A Secretaria de Estado da Saúde do Espírito Santo (SESA-ES) publicou oficialmente, no dia 21 de maio de 2026, o Comunicado nº 03/2026, determinando que documentos emitidos pela associação ASTEGO que em tese vinha se passando por “órgão” deixem de ser aceitos para o cargo de Técnico de Imobilização Ortopédica.

Após decisão judicial e comunicado oficial da Secretaria de Saúde, a ASTEGO divulgou uma “Nota Oficial de Esclarecimento” afirmando categoricamente aos profissionais que:

“NADA MUDA na rotina de vocês Técnicos de Imobilização Ortopédica: TODOS DEVEM CONTINUAR TRABALHANDO NORMALMENTE.”

A nota também afirmou que a divulgação da decisão judicial seria “terrorismo psicológico”, além de sustentar que a liminar seria apenas uma medida “provisória”.

Entretanto, a própria Secretaria de Saúde do Espírito Santo passou a cumprir formalmente a determinação judicial, publicando ato oficial proibindo a aceitação dos documentos emitidos pela entidade para fins funcionais no serviço público estadual.

https://selecao.es.gov.br/processo-seletivo/c88889fc-347c-4d51-9831-93570260154d/sesa-edital-n-0042026-processo-seletivo-simplificado-nivel-fundamental-medio-medio-tecnico

LIMINAR POSSUI CUMPRIMENTO IMEDIATO

Embora decisões liminares sejam passíveis de recurso, possuem eficácia imediata enquanto não forem suspensas ou reformadas por instância superior.

No caso concreto, a decisão judicial produziu efeitos administrativos reais, culminando na publicação oficial da SESA-ES.

Na prática, isso significa que profissionais que tentarem utilizar documentos emitidos pela ASTEGO para fins de habilitação funcional no âmbito estadual poderão enfrentar recusa administrativa, independentemente da existência futura de recurso.

O QUE A JUSTIÇA DETERMINOU

A decisão judicial proibiu a ASTEGO de utilizar expressões típicas de órgãos públicos ou conselhos profissionais, entre elas:

  • “registro profissional”;
  • “habilitação profissional”;
  • “órgão de classe”;
  • “suspensão do exercício”;
  • “habilita o profissional ao exercício da profissão”.

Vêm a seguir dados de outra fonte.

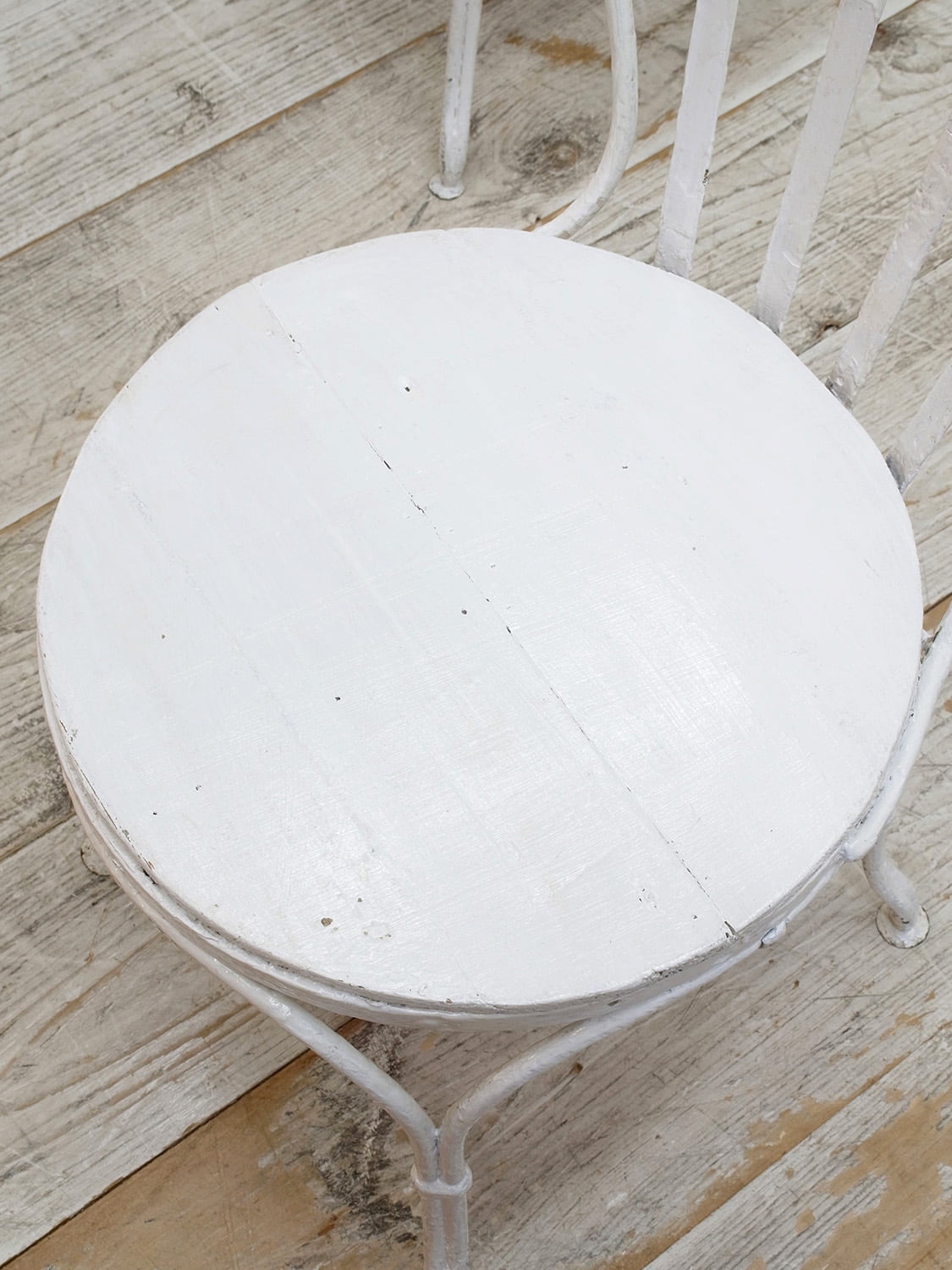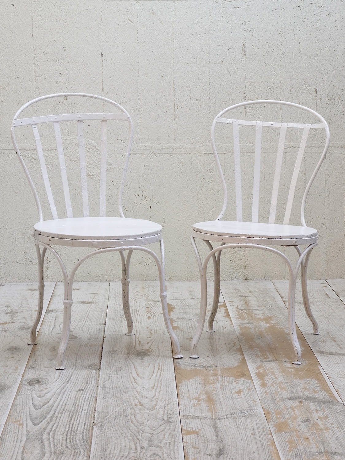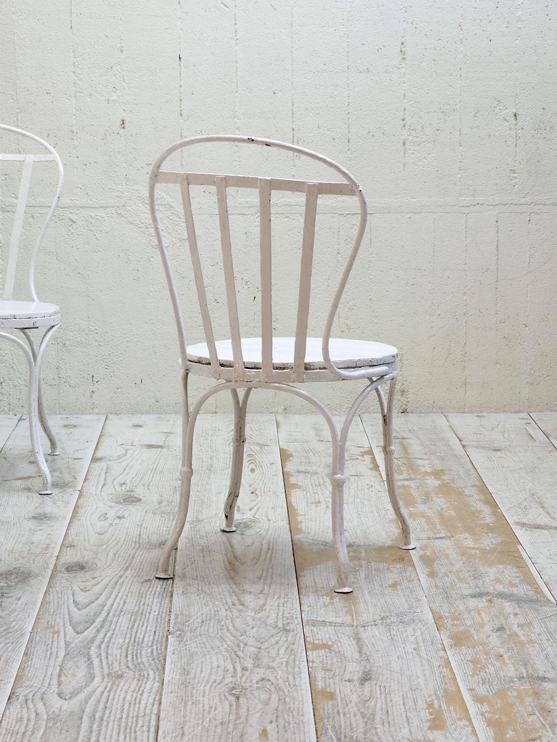 推定1950年代、ガーデンチェアです。アンティークならではのサビやペイントの剥がれが魅力的です。座面までの高さは40cmと弊社でお取り扱いしているチェアの中では低めです。。撮影は右(a)の椅子をしています。価格は1脚の値段です。その他ペイントチェアはこちらから。

Além disso, o Estado do Espírito Santo foi expressamente obrigado a não aceitar documentos emitidos pela entidade como comprovação de habilitação profissional perante a Administração Pública.

Segundo a fundamentação judicial e o parecer do Ministério Público, a ASTEGO não possui competência legal para exercer funções típicas de conselho profissional ou poder de polícia administrativa.

MINISTÉRIO PÚBLICO JÁ HAVIA ALERTADO SOBRE O RISCO DE CONFUSÃO DOCUMENTAL

Em parecer juntado aos autos antes da decisão liminar, o Ministério Público apontou que documentos emitidos pela entidade poderiam induzir gestores públicos, hospitais e instituições ao erro quanto à existência de habilitação profissional oficial.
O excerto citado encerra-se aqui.